Opposition leader Nelson Chamisa is toning down on one of his key demands for dialogue with President Emmerson Mnangagwa – to have an external mediator and is now open to either local cleric or retired judge mediating such talks.
This comes as relations between authorities and Chamisa are widely accepted to be at an all-time low following the continuing clampdown by police on the MDC and its officials.
But despite this tension, behind-the-scenes and indirect ‘talks about the talks’ appear to be gathering pace with Chamisa now saying that he will accept mediation by “neutral” locals.
MDC spokesperson Daniel Molokele said at the weekend that the party would be comfortable with an independent judge or clergyman mediating the mooted dialogue.
Chamisa and the MDC have previously insisted that any talks with Mnangagwa be held on condition that they are brokered by a respectable external mediator.
Former Nigerian president Olusegun Obasanjo was at one time touted as a potential candidate for this role after Chamisa held talks with him in the West African nation — and after the retired statesman also held private talks with Mnangagwa in the capital recently.
Meanwhile, Sadc says it prefers Zimbabweans to mediate in the much-talked about talks.
Polarisation in the southern African nation deepened after last year’s disputed elections won by Mnangagwa by a razor-thin margin, scuppering any hope of the country shaking off its divided past and implementing economic revival after long-time leader Robert Mugabe was removed from power via a bloody coup two years ago.
Zimbabwe’s churches have unsuccessfully sought to broker talks between the government and its opponents as the country battles its worst economic crisis characterised by severe shortages of fuel, cash, medicines, and rolling power cuts while inflation now in three figures is at its highest in a decade.
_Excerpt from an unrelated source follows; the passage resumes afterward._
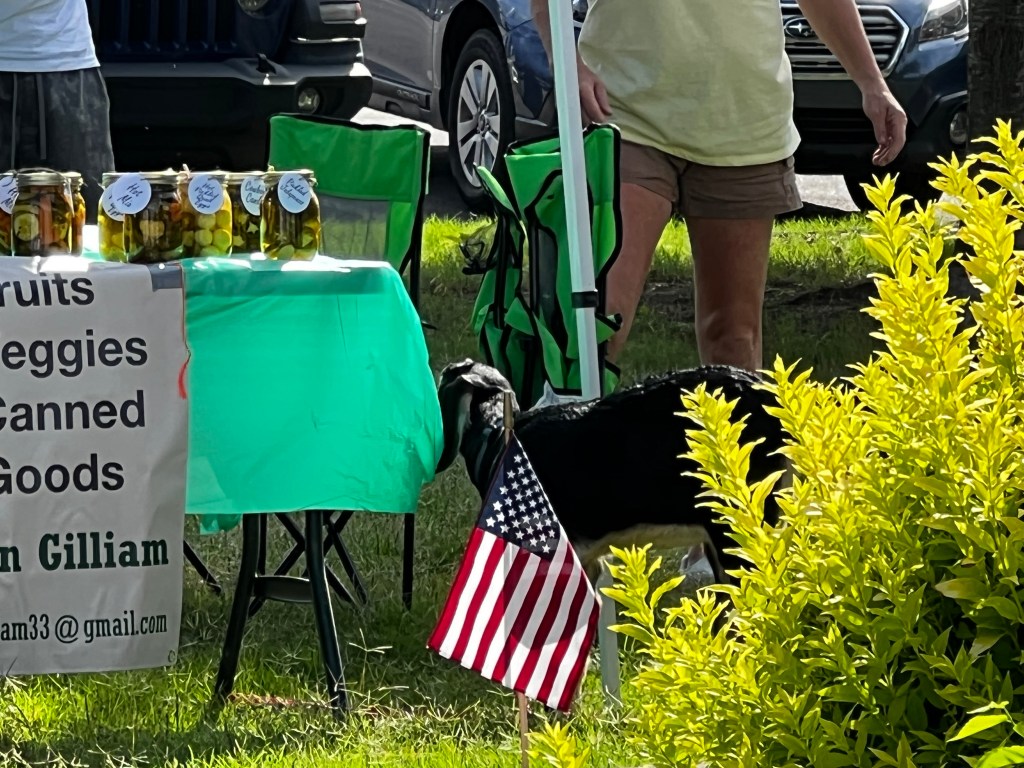 I was surprised when I noticed one of the farm venders walking what I thought was an ugly, skinny dog to their booth. What I noticed first was that the animal walked with a limp and needed to be helped around. Initially, the vender put the pet in one of the camp chairs they had brought to sit in. It turned out the animal was quite agile as it was all over the three chairs, walking back and forth across them as they were lined in a row. After they finished setting up, they put the animal on a leash and set it down in front of their tent. When I took a good look, I realized it was not a skinny dog at all. It was a goat. The goat began to do what goats do and ate the grass in front of their booth. While several children stopped to pet the goat, most paid it no mind. Apparently, the goat became bored because when I looked over, it was eating the plastic tablecloth. Again, that is what goats do.

Their efforts, however, stalled on Chamisa’s refusal to recognise Mnangagwa’s presidency over allegations of “electoral theft” and that any talks be mediated by a neutral figure.
But after the opposition dropped the legitimacy component from its list of key demands following a meeting at the weekend, government felt the move could pave the way for possible talks.
Information secretary Ndavaningi Mangwana yesterday said the move by Chamisa’s camp would go a long way in depolarising the country’s toxic political environment.
“That conciliatory tone coming from the main opposition party in Zimbabwe is a welcome development. There’s need to depolarise the nation so we focus on developmental issues. This involves having Zimbabweans talking to one another with respect and a sense of propriety. We have to engage one another. That’s the essence of dialogue whose frame, substance and tone is not that of a negotiation,” he said.
“There was no legitimacy issue in Zimbabwe. There’s a leader in Zimbabwe whose legitimacy is internationally recognised. That’s why diplomats from any country in the world present their credentials to that leader.”
Mangwana, however, said such talks would be presided over by a respectable local convenor.
“National Peace and Reconciliation Commission (NRPC) and the Zimbabwe Gender Commission heads are the independent convenors. Surely ‘independent’ does not mean foreigner, does it?” he asked rhetorically.
The opposition leader said his party was ready for “a sincere, honest and credible dialogue process to end political hostilities that are holding back economic recovery” and insisted that the country needed assistance from the region.
“My message to our brothers in Africa is: Please help us to fix our politics and economy in Zimbabwe. A weak Zimbabwe is a weak region and a sick continent,” Chamisa said.
“The problems of Zimbabwe are the problems of Africa, so it is important to be assisted through this and allow needed reforms that usher in a new Zimbabwe and a better country for all.”